Records from a data collection
== == ==

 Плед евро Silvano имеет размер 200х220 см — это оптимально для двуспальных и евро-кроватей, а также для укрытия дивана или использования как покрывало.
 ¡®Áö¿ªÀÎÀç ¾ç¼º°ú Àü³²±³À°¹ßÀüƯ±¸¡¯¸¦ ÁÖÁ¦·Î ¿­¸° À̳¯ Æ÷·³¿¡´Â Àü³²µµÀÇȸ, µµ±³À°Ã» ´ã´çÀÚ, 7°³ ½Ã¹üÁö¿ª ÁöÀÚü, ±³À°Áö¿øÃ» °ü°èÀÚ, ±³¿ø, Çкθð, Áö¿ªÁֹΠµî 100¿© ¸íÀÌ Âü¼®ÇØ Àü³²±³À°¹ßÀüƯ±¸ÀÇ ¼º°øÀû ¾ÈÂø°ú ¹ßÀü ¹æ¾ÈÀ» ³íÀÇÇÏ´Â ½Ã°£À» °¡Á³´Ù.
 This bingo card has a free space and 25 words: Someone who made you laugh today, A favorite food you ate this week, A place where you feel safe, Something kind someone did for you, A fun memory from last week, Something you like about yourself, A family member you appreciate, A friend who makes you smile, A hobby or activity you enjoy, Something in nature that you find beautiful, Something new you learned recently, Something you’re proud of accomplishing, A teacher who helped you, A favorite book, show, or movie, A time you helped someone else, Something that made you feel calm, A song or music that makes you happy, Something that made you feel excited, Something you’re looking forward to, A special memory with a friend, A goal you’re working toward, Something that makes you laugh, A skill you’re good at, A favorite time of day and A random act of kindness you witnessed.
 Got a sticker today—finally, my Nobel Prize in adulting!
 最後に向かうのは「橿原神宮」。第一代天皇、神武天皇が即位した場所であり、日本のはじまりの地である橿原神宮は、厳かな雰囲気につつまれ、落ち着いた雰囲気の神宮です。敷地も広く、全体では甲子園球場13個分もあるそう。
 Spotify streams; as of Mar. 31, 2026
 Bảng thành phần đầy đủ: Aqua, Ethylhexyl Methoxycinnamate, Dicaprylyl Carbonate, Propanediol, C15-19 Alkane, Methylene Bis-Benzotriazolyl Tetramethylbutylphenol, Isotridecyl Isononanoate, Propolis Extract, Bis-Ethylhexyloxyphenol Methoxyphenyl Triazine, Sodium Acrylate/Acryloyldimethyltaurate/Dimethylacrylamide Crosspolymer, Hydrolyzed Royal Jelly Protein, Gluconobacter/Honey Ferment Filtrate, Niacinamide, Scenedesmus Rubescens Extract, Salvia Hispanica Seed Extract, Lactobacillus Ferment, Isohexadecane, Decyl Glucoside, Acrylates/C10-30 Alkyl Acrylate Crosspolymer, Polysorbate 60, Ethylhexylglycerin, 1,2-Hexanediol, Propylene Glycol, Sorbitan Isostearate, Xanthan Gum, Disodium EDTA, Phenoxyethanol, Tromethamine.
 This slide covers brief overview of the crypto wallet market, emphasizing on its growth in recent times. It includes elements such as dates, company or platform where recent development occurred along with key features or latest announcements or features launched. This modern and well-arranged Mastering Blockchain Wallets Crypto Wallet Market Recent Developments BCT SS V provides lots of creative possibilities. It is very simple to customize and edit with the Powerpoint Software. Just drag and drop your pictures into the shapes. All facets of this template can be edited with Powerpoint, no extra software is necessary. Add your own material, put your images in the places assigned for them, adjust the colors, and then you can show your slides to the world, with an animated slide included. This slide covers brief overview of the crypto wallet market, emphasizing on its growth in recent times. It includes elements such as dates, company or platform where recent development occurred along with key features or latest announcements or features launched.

== == ==

• _Work item_:
Please make an exact copy of the lines above from the line with "This bingo card" through the line with "Got a sticker", both ends included.

• _Solution to this task_:
 This bingo card has a free space and 25 words: Someone who made you laugh today, A favorite food you ate this week, A place where you feel safe, Something kind someone did for you, A fun memory from last week, Something you like about yourself, A family member you appreciate, A friend who makes you smile, A hobby or activity you enjoy, Something in nature that you find beautiful, Something new you learned recently, Something you’re proud of accomplishing, A teacher who helped you, A favorite book, show, or movie, A time you helped someone else, Something that made you feel calm, A song or music that makes you happy, Something that made you feel excited, Something you’re looking forward to, A special memory with a friend, A goal you’re working toward, Something that makes you laugh, A skill you’re good at, A favorite time of day and A random act of kindness you witnessed.
 Got a sticker today—finally, my Nobel Prize in adulting!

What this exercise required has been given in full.